Entre a data da ocorrência do lamentável acidente e a da confirmação dele, por parte do Cremlin, transcorreram 48 horas, vitais para muita gente, que acabou sendo exposta sem necessidade aa doses excessivas de radiação. Dias depois, autoridades soviéticas admitiram que houve demora na comunicação. Os funcionáarios da usina acidentada, que teriam feito uma experiência não autorizada no reator, relutaram em assumir a responsabilidade.

O caso do Cessna pode ser (e é) pitoresco para a imprensa ocidental, por seu aspecto inusitado. Certamente não passou de uma aventura para Mathias Rust, o rapaz de 19 anos (portanto, irresponsável, ainda, do ponto de vista civil), que o tornará uma celebridade mundial por alguns poucos e efêmeros meses, até que seu nome volte a cair no ostracismo.

Dentro de alguns dias, para a maioria, o caso não passará de uma simples história. E, em alguns anos, o protagonista dessa peripécia terá dificuldades para convencer os próprios netos que conseguiu realizar tal façanha.

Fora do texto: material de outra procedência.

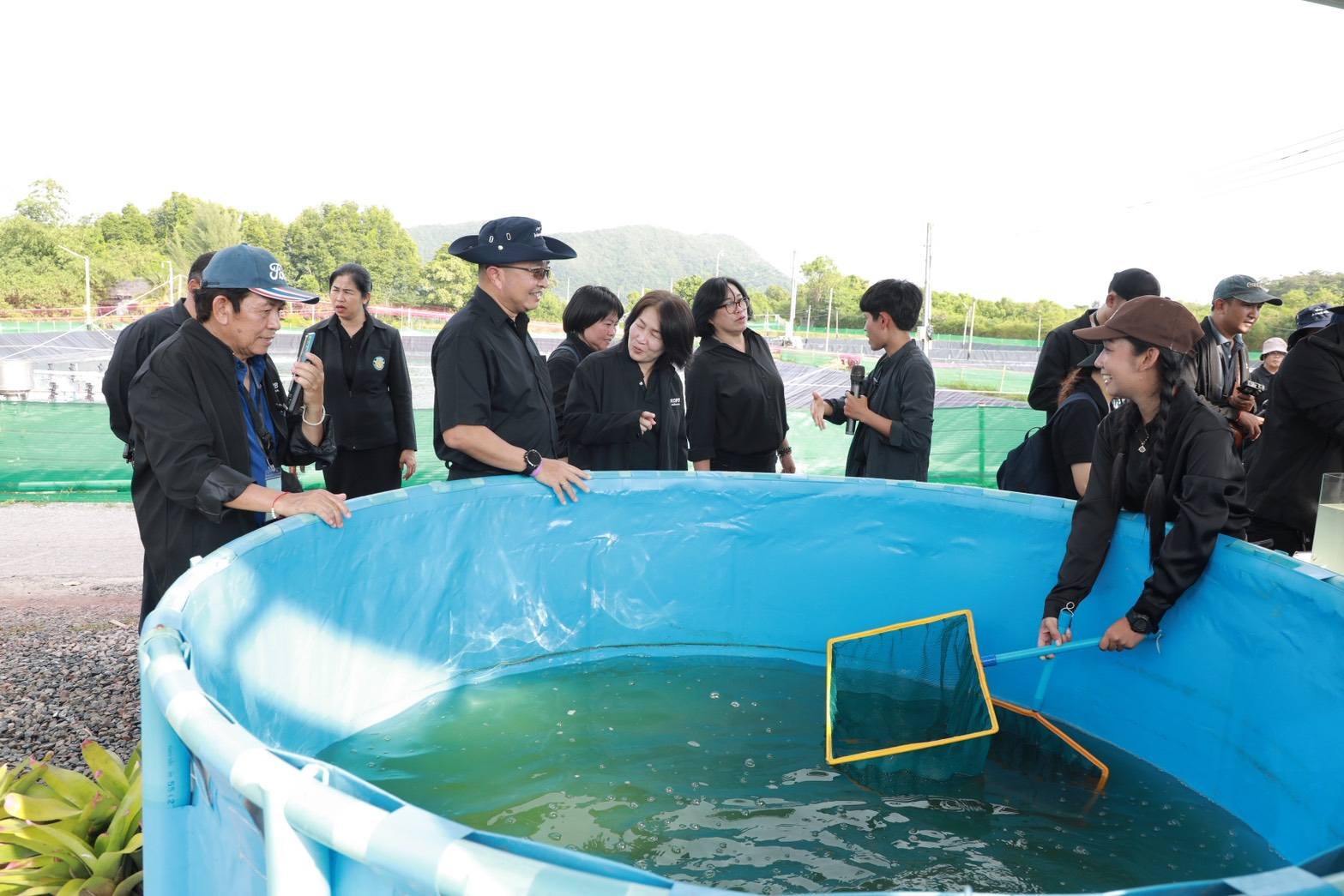 ในช่วงบ่าย คณะสื่อมวลชนเยี่ยมชมพื้นที่การดำเนินงานภายในศูนย์ศึกษาการพัฒนาอ่าวคุ้งกระเบนฯ ณ งานการผลิตพันธุ์สัตว์น้ำชายฝั่ง เพื่อการอนุรักษ์ฟื้นฟูทรัพยากรสิ่งแวดล้อม และเพิ่มทรัพยากรสัตว์น้ำชายฝั่ง รวมทั้งส่งเสริมการเพาะเลี้ยงสัตว์น้ำเศรษฐกิจที่ปลอดภัยและเป็นมิตรกับสิ่งแวดล้อม โดยมีกิจกรรมสาธิตการเพาะเลี้ยงและขยายพันธุ์สัตว์น้ำ เช่น ปลากะพงขาว หอยชักตีน และปลาการ์ตูน ซึ่งได้รับความนิยมในกลุ่มสัตว์น้ำเศรษฐกิจสวยงาม ต่อมาสื่อมวลชนได้เยี่ยมชมแปลงสาธิตการทำเกษตรแบบผสมผสานและการปลูกพืชผักตามฤดูกาล อีกหนึ่งความสำเร็จในการพัฒนาปรับปรุงพื้นที่ดินตะกอนชายฝั่งที่เคยเสื่อมโทรมให้สามารถทำการเกษตรได้ ด้วยหลักการฟื้นฟูดินควบคู่กับการบริหารจัดการน้ำ พร้อมกับการเลือกชนิดพืชที่เหมาะสมกับสภาพดินและภูมิสังคม นับเป็นตัวอย่างการสร้างความมั่นคงทางอาหารให้แก่ชุมชน จากนั้นคณะสื่อมวลชนจะได้สัมผัสและเยี่ยมชมความสมบูรณ์ของผืนป่าชายเลน ณ ศูนย์ศึกษาธรรมชาติป่าชายเลน ซึ่งเป็นพระราชดำริเริ่มแรกในการก่อตั้งศูนย์แห่งนี้ โดยรับฟังแนวทางการอนุรักษ์และฟื้นฟูป่าชายเลนจากเจ้าหน้าที่ป่าไม้ พร้อมทั้งสัมผัสความอุดมสมบูรณ์ตามเส้นทางศึกษาธรรมชาติบนสะพานไม้ ระยะทาง 1,600 เมตร และร่วมกันปล่อยพันธุ์สัตว์น้ำคืนสู่ทะเล ป่าชายเลนผืนนี้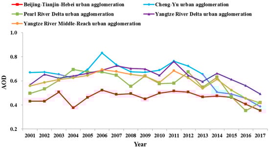 Multi-Time Scale Analysis of Regional Aerosol Optical Depth Changes in National-Level Urban Agglomerations in China Using Modis Collection 6.1 Datasets from 2001 to 2017

Corre o risco, até, de passar por mentiroso.

Todavia, na União Soviética, a questão, com toda certeza, não será encarada com tanta simplicidade. Todo o aparato defensivo (e não, portanto, um único funcionário relapso) falhou nesta oportunidade. E se o rapaz fosse um terrorista homicida transportando algumas bombas? E se, ao sobrevoar, em vôos rasantes, por duas vezes, a Praça Vermelha de Moscou, desovasse alguns explosivos sobre os transeuntes? E se cismasse de atacar a sede do poder soviético?

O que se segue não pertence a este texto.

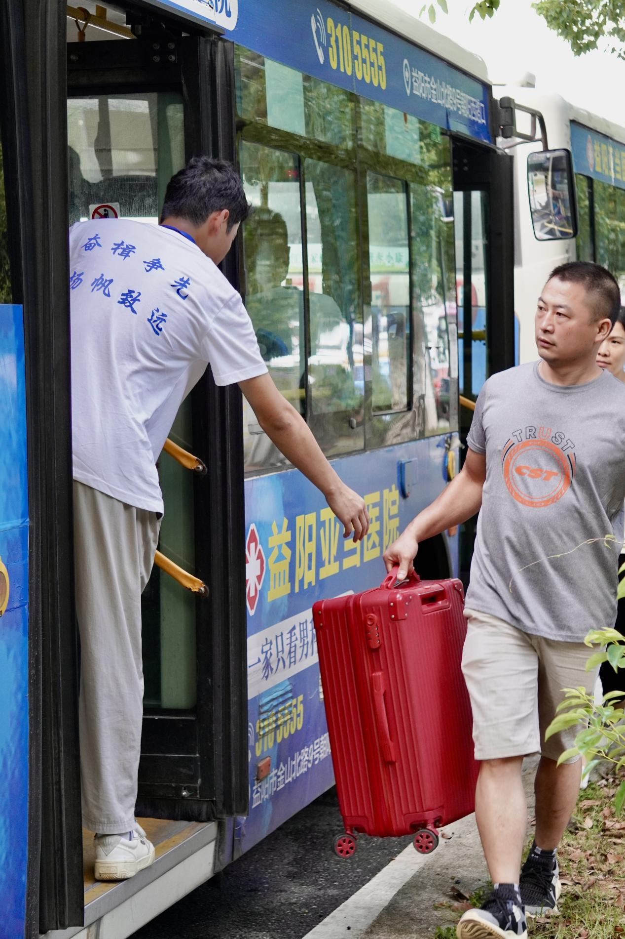 9月11日下午2时,学校在益阳火车站、益阳高铁南站、朝阳汽车站、汽车北站等车站设置的迎新接待站已全部就位。迎新期内,学校调度18辆迎新专用大巴,全天循环运行,在各大站点和校区之间不间断接送新生及家长。“益阳职院的同学请往这边走!”接待组人员每天从清晨6点值守至深夜12点,帮助新生及家长顺利登车、安心到校。不少家长表示:“一下车就看到学校的接待点,真的很贴心!”

Teríamos, agora, um incidente internacional de proporções bastante sérias. São casos tolos, como este, aparentemente até pitorescos, que provocam as grandes conflagrações mundiais. O constrangedor, para os russos, foi o fato de que, na data em que o seu espaço aéreo foi violado com tamanha facilidade por um jovem ainda imberbe, o país comemorava o Dia da Guarda de Fronteira. Ou seja, era festejada exatamente a corporação que cometeu essa omissão tão imperdoável que, certamente, deixará, doravante, o povo soviético inseguro e desconfiado da capacidade das autoridades garantirem a segurança nacional.

Talvez a imprensa ocidental jamais venha a saber quem será o culpado pelo caso. Mas é quase certo que a corda, mais uma vez, vai arrebentar do lado mais fraco. Ou seja, algum pobre diabo, sem chances de se defender condignamente, será culpado, como sempre acontece, e aa honra do sistema ficará a salvo.

Portanto, quando se diz que as reformas propostas por Gorbachev (tão combatidas pela gerontocracia que ainda predomina no centro de poder da URSS) são fundamentais para que esse país continue sendo superpotência, não há qualquer exagero.

O burocrativismo, em termos de administração, e o centralismo estatal, nos meios de produção, são o túmulo da motivação e, portanto, da responsabilidade individual da produtividade. E o homem (isto é o óbvio ululante, como diria o teatrólogo Nelson Rodrigues) não é uma máquina.

(Artigo publicado na página 20, Internacional, do Correio Popular, em 31 de maio de 1987).